§ **Dataset extract**:
━━━━━━━━━━━━━━━━
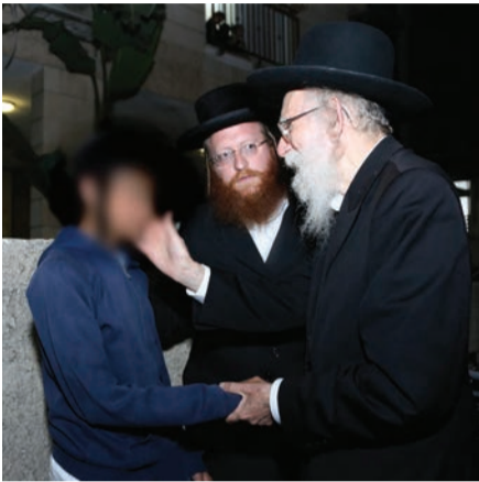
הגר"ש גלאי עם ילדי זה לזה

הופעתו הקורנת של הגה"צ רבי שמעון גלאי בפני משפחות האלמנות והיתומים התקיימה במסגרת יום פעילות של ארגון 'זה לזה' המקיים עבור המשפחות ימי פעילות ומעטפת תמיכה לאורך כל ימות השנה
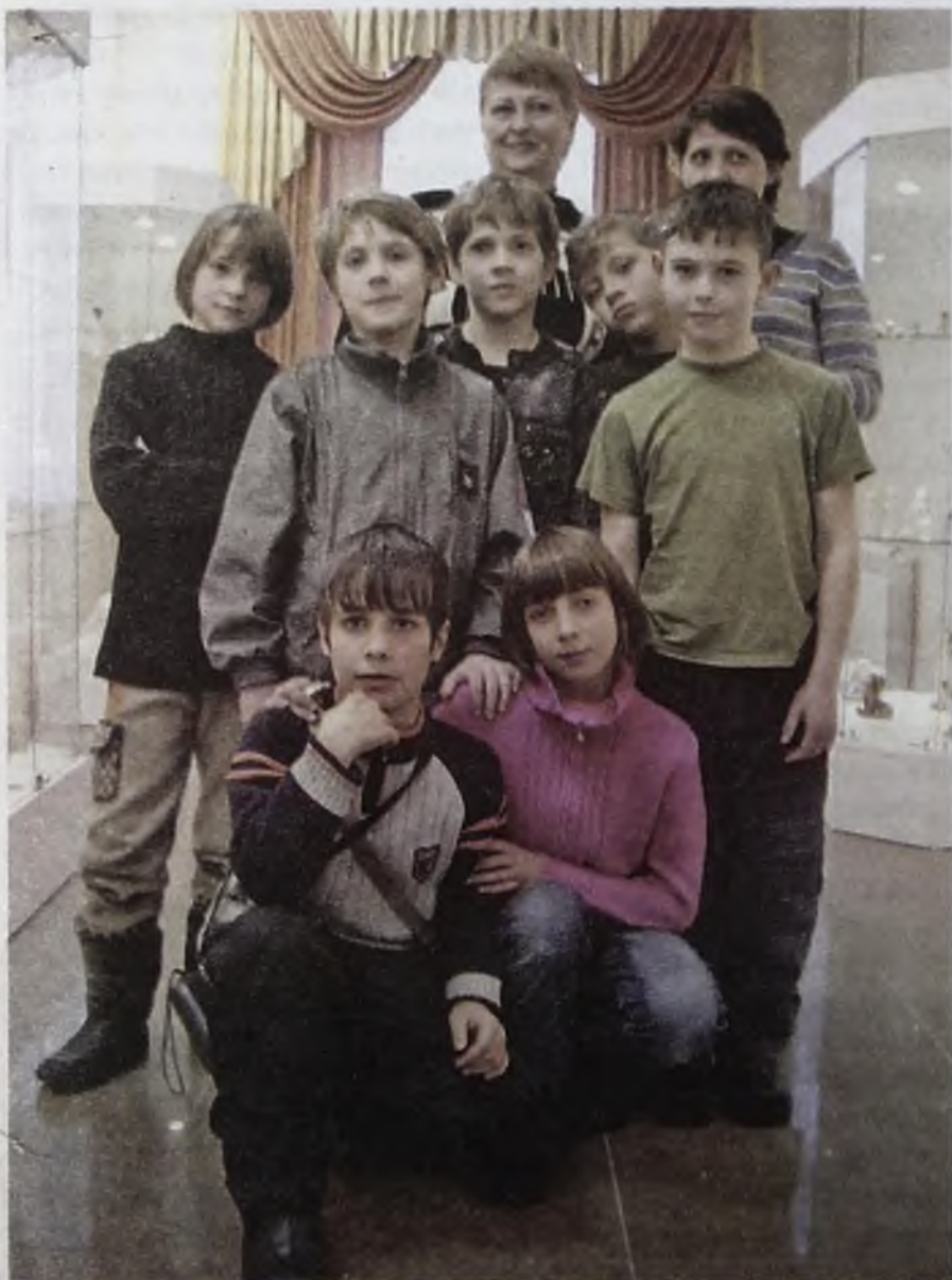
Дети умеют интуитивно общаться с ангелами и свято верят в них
━━━━━━━━━━━━━━━━
§ **What to produce**: Reproduce the data above exactly, leaving each picture out.

§ **Written reply**:
הגר"ש גלאי עם ילדי זה לזה

הופעתו הקורנת של הגה"צ רבי שמעון גלאי בפני משפחות האלמנות והיתומים התקיימה במסגרת יום פעילות של ארגון 'זה לזה' המקיים עבור המשפחות ימי פעילות ומעטפת תמיכה לאורך כל ימות השנה
Дети умеют интуитивно общаться с ангелами и свято верят в них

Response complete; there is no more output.